Пришлось мне обратиться за помощью к отцу. Он прислал раза два сколько мог, но на жизнь этого все равно не хватало. Выручала Марья Васильевна, наша хозяйка: то подарит тыкву, то даст стакан крупы или баночку молока. Главный редактор, Шилкин, выхлопотал мне паек, который давали ценным работникам от обкома. После моих удачных выступлений с фельетонами я, как видно, была оценена, хоть паек был второй категории – не очень богатый, – но все же для нас значимый: пять килограммов муки, сколько-то крупы, сахара и жиров. Редакционная «верхушка» получала по первой категории. Как всегда, партия заботилась о своих и о «нужных».
Полки магазинов опустели, рынок угасал – все меньше становилось на нем продуктов, все выше цены. Рынок скудел и к 1933 году оскудел окончательно – торговали только малосъедобным: жмыхом, непорушенным просом, отрубями, муче́лью (мучная пыль с мельницы). Товар продавали уже не на вес, а гранеными стаканами, стопками и даже столовыми ложками.
Надвигался голод. Это могли предвидеть те, кто знал о положении в сельском хозяйстве; на остальных он обрушился, как стихийное бедствие. Голодный 1933 год, страшный для страны, был смертельным для Украины и Заволжья.
Засуха, неурожай, никакой помощи селянам от государства. И в это время открылся Торгсин, по названию будто бы торговля для иностранцев. Очередная подлая ложь – на самом деле Торгсин был механизмом для выкачивания золота и серебра у населения. Голод и Торгсин – подозрительная одновременность.
Тогда я еще не способна была задуматься над тем, не в радость ли голод большевикам для пополнения растраченной и размотанной казны. Возможность такой чудовищной хитрости не доходила до моего сознания. Простодушно я верила, что голод – стихийное бедствие, и не задумывалась над тем, почему государство не торопится организовать помощь бедствующим. Однако цинизм соседства голодающих и переполненной полноценной едой витрины Торгсина доходил до меня вполне.

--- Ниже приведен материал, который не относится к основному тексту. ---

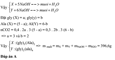Cho 0,7 mol hỗn hợp T gồm 2 peptit mạch hở X (x mol) và Y (y mol) đều tạo bởi glyxin và alanin. Đun nóng 0,7 mol T trong lượng dư dung dịch NaOH thì có 3,8mol NaOH phản ứng và thu được dung dịch chứa m gam muối. Mặt khác, nếu đốt cháy hoàn toàn x mol X hoặc y mol Y thì đều thu được cùng số mol CO2. Biết tổng số nguyên tử oxi trong 2 phân tử X và Y là 13, trong X và Y đều có số liên kết peptit nhỏ hơn 4. Giá trị của m là:

В Уральске Торгсин открылся на улице Ленина. Знаменательное сочетание: Ленин – Голод – Торгсин. Витрина магазина была уставлена продуктами: мешочки с мукой и крупами, сахарные головы, копченая грудинка, колбасы, фаянсовые бочоночки с икрой – черной и красной. Табличка, свисающая над манящим зрелищем, сообщала, что все продается на «драгметалл по весу». У магазина сделали постоянный милицейский пост. Торгсин нагло манил, дразнил пищей, но боялся голодных.
А в город брели из сельских мест голодающие. Распухшие люди, с трудом переставляя отекшие ноги, едва добирались до здания облисполкома и обкома и там падали на землю, не в силах уже просить о помощи и дожидаться защиты. Высокое это здание, в прошлом, возможно, дом градоначальника, стояло на другом от Торгсина конце улицы, и умирающие не видели чудесной витрины. Ее видели, разглядывали те, кто еще двигался, – высохшие, сморщенные, темные, как кора старого дерева. Голодные, но еще живые.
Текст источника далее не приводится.